- Deming photographed by Consuelo Kanaga
- Born: July 23, 1917 New York City, U.S.
- Died: August 2, 1984 (aged 67) Sugarloaf Key, Florida, U.S.
- Education: Bennington College, Western Reserve University
- Partner(s): Mary Meigs (1954–1969) Jane Verlaine (1969–1984, Deming's death)

= Barbara Deming =

American feminist and advocate of nonviolent social change

Barbara Deming (July 23, 1917 - August 2, 1984) was an American lesbian feminist and advocate of nonviolent social change.

== Formation and early work, 1917–1945 ==
Barbara Deming was born into an "upper-middle-class" family, and raised with her three brothers in Manhattan. Her mother was Katherine Burritt, a women's suffragist who had sung professionally in her youth, and her father was Harold Simpson Deming, described by his daughter as "a well-to-do Republican lawyer" and a "very caring and principled man". Deming recognised her father as conventionally patriarchal and that she would have to escape his influence to become herself, but also considered him emotionally reliable in a way that her mother was not.

Deming attended the Friends Seminary, a Quaker school on East 16th Street, from kindergarten to the end of high school. The family lived nearby on East 19th Street and had a country retreat in then rural New City, Rockland County, where Deming was exposed to more bohemian influences thanks to the artists' colony that had developed along South Mountain Road.

From 1934 she attended Bennington College in Vermont.
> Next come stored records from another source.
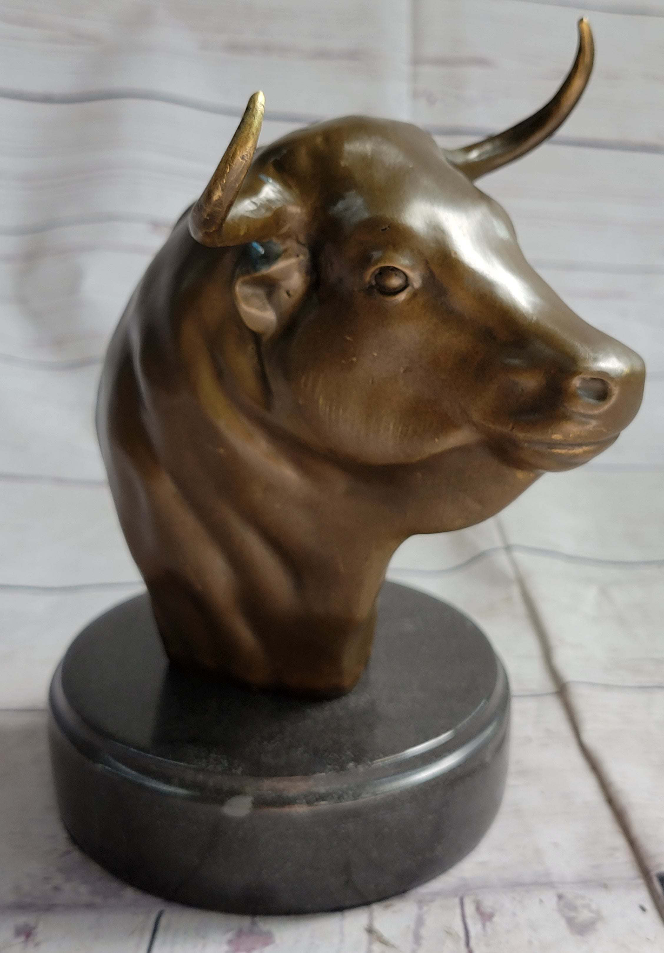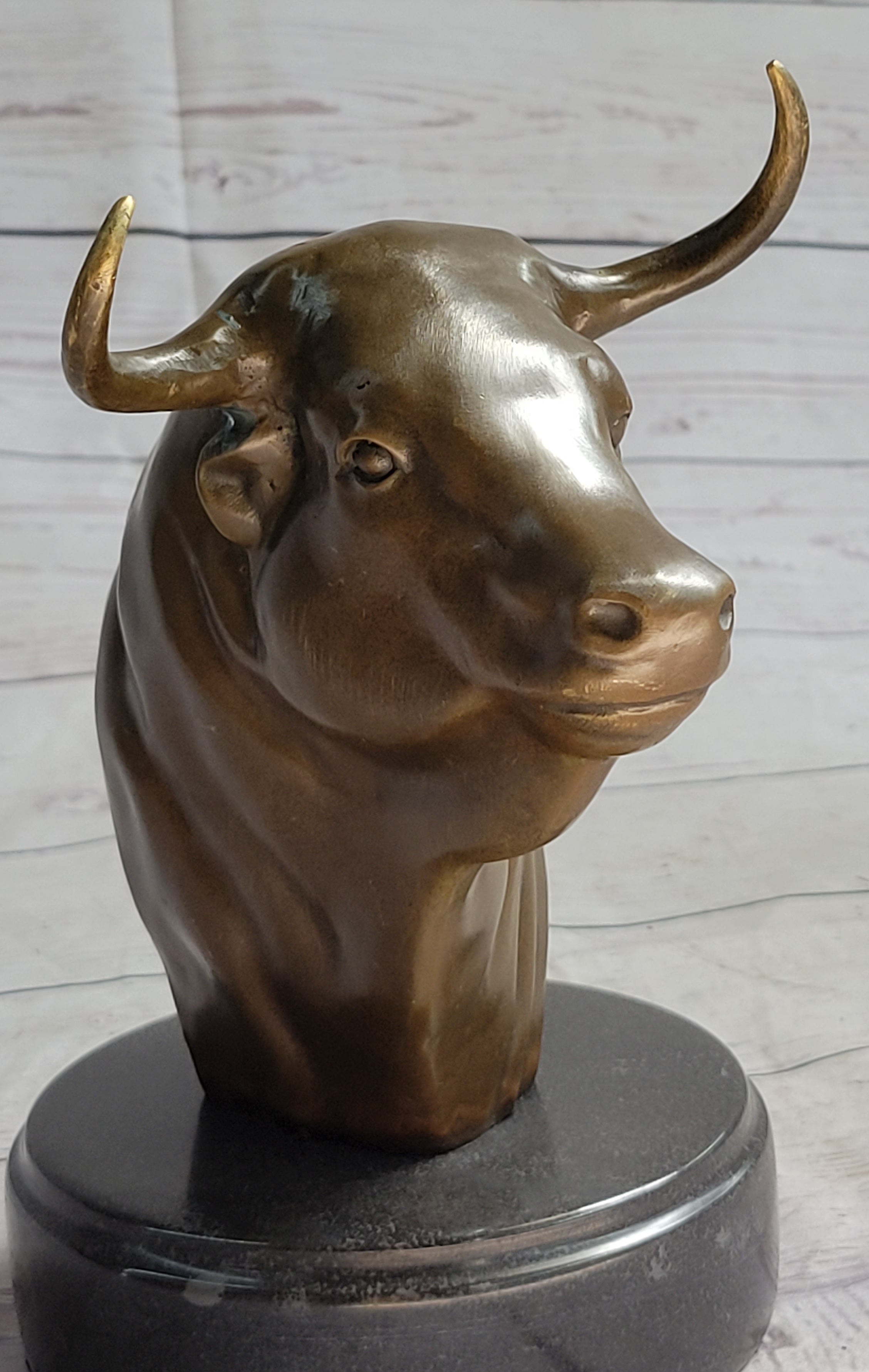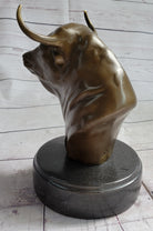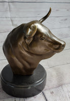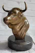 Bull Head Bronze Metal Bust Sculpture Statue Figure on Marble Base Signed Original 9" x 5.5"
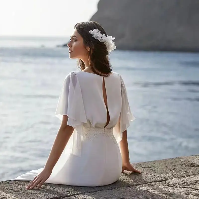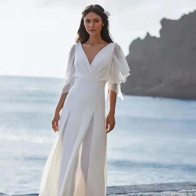 Высокая Разделение, v-образный вырез на шее, шифоновое свадебное платье 2021 с низким вырезом на спине кружевное пляжное размера плюс свадебные Сатиновые туфли в стиле Бохо Замочная скважина свадебное платье
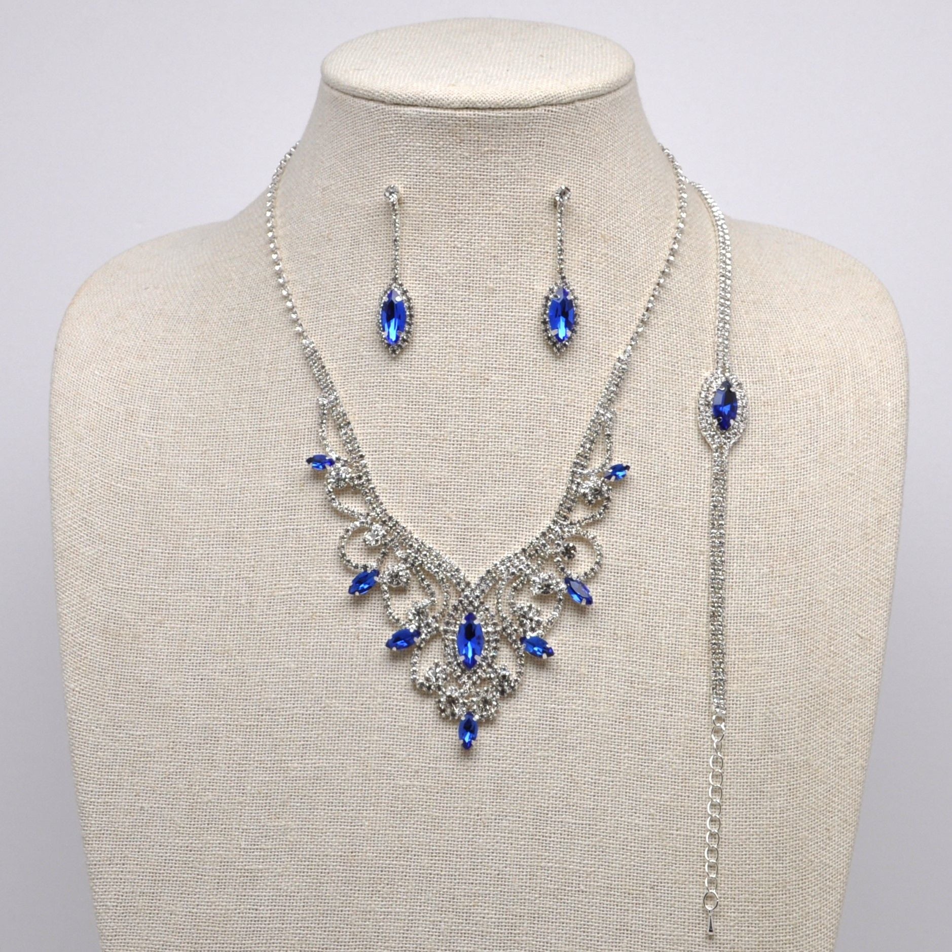 Sapphire Swirly Marquise Three Piece Necklace Set

She graduated in 1938 with majors in English literature and drama, and returned to New York City, where she settled in Greenwich Village. At first, she seemed destined for a career in the theater. She had co-founded a stock company at Bennington, and served as its co-director in the summers of 1938 and 1939. In her senior year she was active on the fringes of Orson Welles's Mercury Theatre, and her first paid job after graduation was with the company. She also directed its apprentice group without pay. She briefly worked with another company as assistant director on a production of Shelley's The Cenci, which never found a backer.

Frustrated and disenchanted by her inability to get steady theater work, she considered a teaching career. She spent the summer of 1940 at Bennington as a teaching fellow, and accepted a scholarship from Western Reserve University (now Case Western) in Cleveland, where she completed a master's degree in drama during the academic year that followed. The disappointing program at Case Western — dominated by superficial survey courses — dampened her enthusiasm, although she did return to Bennington for a second stint as a teaching fellow in the summer of 1941.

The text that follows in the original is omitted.